21 ottobre 2007

Difficoltà


di Brian Mackey

Gli inchini a volte sembrano eterni, durano a lungo, si ripetono. Il cameriere oggi si è piegato letteralmente in due per ringraziarci della mancia ricevuta, difficilmente infatti qui si accettano mance. Ci si inchina e basta, vorrei essermi abituata, vorrei inchinarmi anch’io e basta ma non mi riesce.

Sono al ventitreesimo piano e non ho ancora imparato ad affacciarmi alla finestra. Questa altezza mi fa sentire ancora più piccola e lontana e so bene che sarebbe meglio di no, sono una “casa” come le altre, unica e accogliente, e guardare la città di sotto, tutti questi occhi che sorridono non dovrebbe comunicarmi una perdita ma un senso di sicurezza, di ammirazione. Di ricchezza.

Questa lunga pausa mi è difficile da afferrare, desta la mia incapacità a non provare fatica.

È una prova dura. Non devo arrendermi ma devo entrare nel distacco in modo morbido e curioso, senza sentirmi aggredita dalla possibilità di fuga.

Sto cercando di perfezionarmi, la discrezione è la regola massima e mai come prima mi mette in difficoltà. Non sono capace di fermarmi, non riesco a rinunciare all’idea di uno spazio. Uno spazio che sia mio.

È una mia responsabilità mettere a disposizione quello che serve, affiancare il percorso delle altre senza conoscerne l’intensità e i dettagli, ma succede troppo di frequente che l’essere così vicina a Lui crei delle gelosie assurde, delle cattiverie impossibili da gestire.

Ci sono sorelle che adoro ma quando una rivalità si affaccia diventa difficile convivere. Dacché siamo inseparabili all’improvviso tutto appare diverso, ci odiamo. Ognuna di noi teme l’altra, i numerosi tentativi di trovare la giusta occasione per indebolire la sicurezza di una compagna sono la sfortuna che ci distrugge nel tempo. Me ne rendo conto, ed è importante per me farlo notare, soprattutto a Rina, anche se considero inevitabili questi cedimenti.

È un meccanismo complicato, non fosse che il Padrone è sempre così perspicace, causeremmo ammanchi riprovevoli a pregiudicare l’armonia.

Non me lo potrei perdonare.

È comprensibile ma siamo gelose della stima che riceviamo anche se lo neghiamo, non esiste niente che sprigioni per noi più senso delle attenzioni dei Maestri e delle occasioni escogitate per rimanere da soli. È comprensibile ma non è abbastanza, non è giustificabile.

Il Padrone ci protegge da noi stesse, ogni volta che viene o chiama a sé una di noi ci propiziamo per i Suoi favori ma non possiamo farne a meno, la nostra volontà non guarisce dal possesso.

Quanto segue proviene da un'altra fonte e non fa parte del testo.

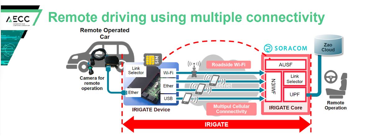 「IRIGATE」は、AECCにおいて、車のライフサイクル全体での柔軟で安定した通信の提供を目指し、自動車メーカーが中心となって開発しているコネクテッドカー向けの新しい通信プラットフォームです。クラウド上のIRIGATEコアとIRIGATE端末が接続を確立することで、認証、課金、ルーティングなど、通信事業者と同等の管理と運用を可能にします。ソラコムは、クラウド上に迅速に展開できるモバイルコアの技術を提供しています。

Non riusciamo a privarci di quanto dovremmo, la nostra mente beneficia sempre di ciò che il nostro corpo sente: ci promettiamo di mantenere altrettanto per il futuro, quindi necessità e impedimento spesso coincidono.

Non tutte comprendono, né io stessa sono sempre in grado di capirlo, ma più di ogni altra cosa questa animosità è un dono, è un privilegio rispetto al prezzo del miglioramento che sosteniamo attraverso il confronto. È il segnale di un delicato sviluppo per la coscienza: il desiderio per il Padrone che sia sempre la grazia ad accompagnarci in ogni situazione.

La nostra difficoltà è quindi il nostro motore e il nostro tavolo da stiramento: tutte insieme, noi siamo gioia e sofferenza.

E resto davvero colpita quando la saggezza crea inconciliabili strappi con sicurezze precedenti che credevo consolidate. La superiorità d’animo aiuta a liberare la volontà. L’umiltà permette di non negare l’imperfezione ma di andare avanti, con il lavoro e con la formazione, anche attraverso la perfidia se occorre e alla sua sottile oscurità.